Signs to simplistic to contain simple faith

By MICHAEL O'CONNOR
Abilene Reporter-News

While driving to work I have the opportunity to pass several churches that have sign boards or marquees. Although some of them simply carry information about the church -- times of services, name of the pastor, stuff like that -- many of them put short, pithy sayings on the signs for passersby to read.

Both the churches I live closest to have signs. One of the churches hasn't changed its message in several weeks; the other rotates puts up a new message almost every week, rotating the old message to the other side of the sign, catching the traffic coming and going.

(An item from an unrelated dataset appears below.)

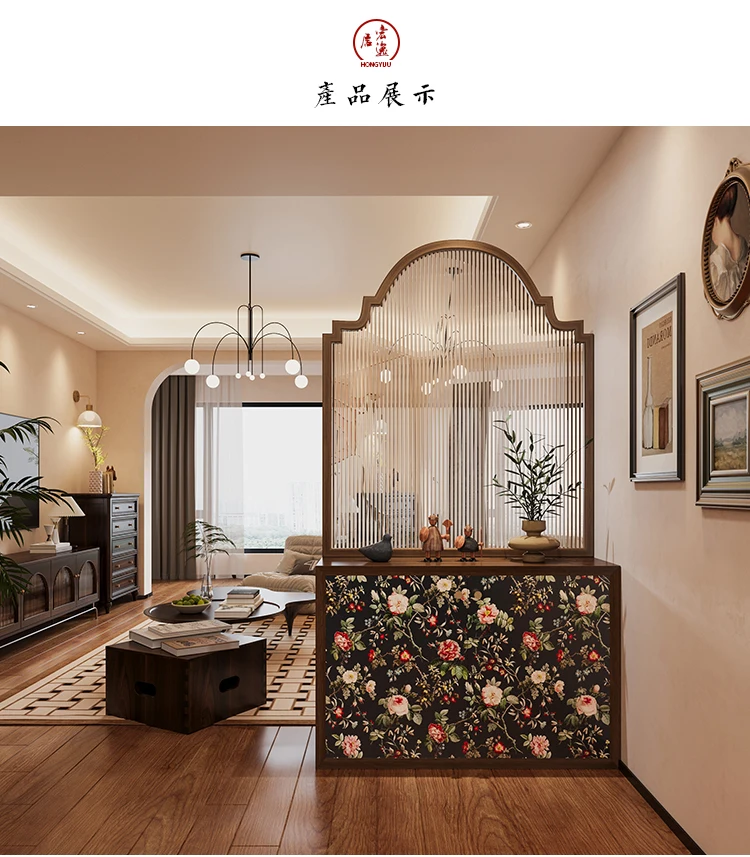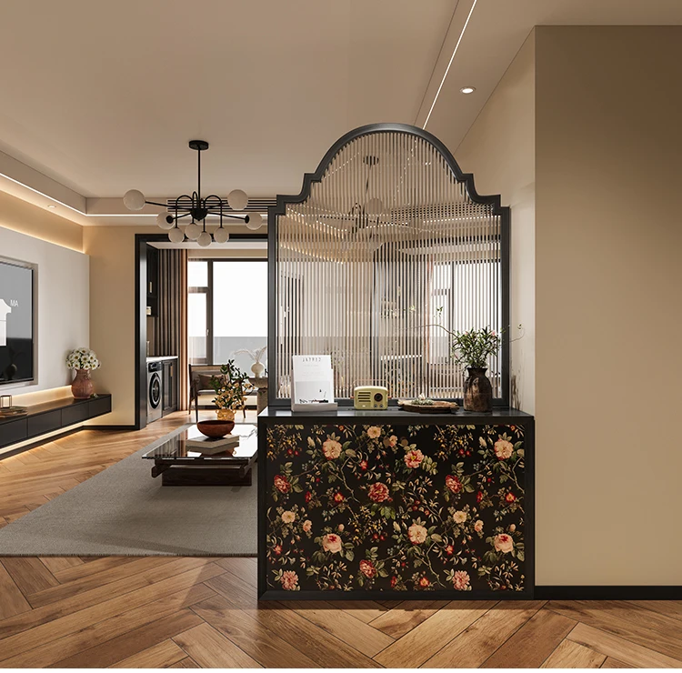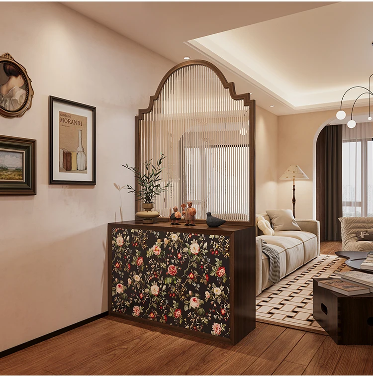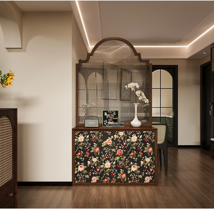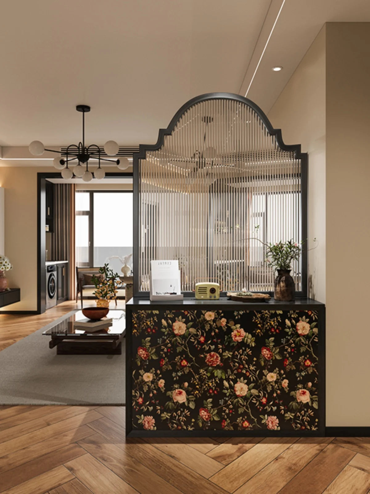 French retro wooden shoe cabinet, Changhong glass screen partition, living room entrance door obstructing bathroom, dining room
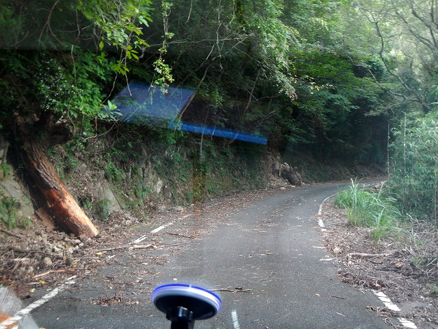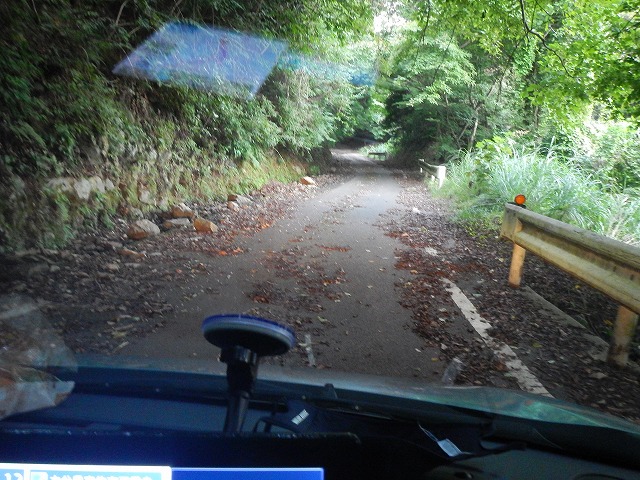 所々大木、石等が道路に散乱してますね。

The messages -- the fancy word for them is aphorisms -- are of necessity short and memorable. After all, a driver has only a few seconds to read the message and absorb its contents. Sometimes a church will choose a passage of scripture, or part of a passage, to put on its sign. If left up for several weeks, I suppose many drivers would wind up memorizing scripture pretty much without realizing it.

I can't say I object to the signs; in fact some of them are quite clever. At the one church I pastored that had a sign capable of presenting messages to the driving public, I only posted information about the church and its services. The couple who had provided funding for the sign often encouraged me to buy a book with aphorisms for use by churches and post them, but I lacked both enthusiasm and letters for the project.

What bothers me is aphoristic Christianity -- the tendency of Christians, usually conservatives, to make pronouncements about serious issues with trite aphorisms. The most famous of these may well be the hackneyed response to the homosexual issue: "God made Adam and Eve, not Adam and Steve."

My mother's refrigerator was covered in message-bearing magnets, little aphorisms that I used to pick apart. "Smile, God loves you." True, but I can't imagine someone living a Job-like existence deriving much comfort it from hearing the affirmation. "God said it, I believe it, and that settles it for me." Oh yeah? What about that part about how we're supposed to be perfect the way God is? How many times have we encountered a difficult scripture passage and weaseled our way out of it by saying, "Well, what that really means is ... " We won't even discuss "Heaven or Hell, Turn or Burn."

I have heard earnest theological discussions invaded by these little aphorisms as though the uttering of them somehow resolved the issue. Confronted with the inadequacy of the slogan, the speaker may respond with a huff or smile enigmatically, as though mere sinners could never understand, and retreat feeling victorious.

The problem is not that the slogans we spout are simple, but that they are simplistic. True religion can be described in quite simple ways: Love God with all your heart and your neighbor as yourself. Visit widows and orphans in their distress. Do justice, love mercy and walk humbly with your God. But the living out of these simple propositions is far more difficult than obeying the injunction of a sign in front of a church.

Aphorisms have their place, and church signs are as good a place for them as anywhere, as long as we don't make the mistake of believeing their simplistic messages have much real use in living as disciples.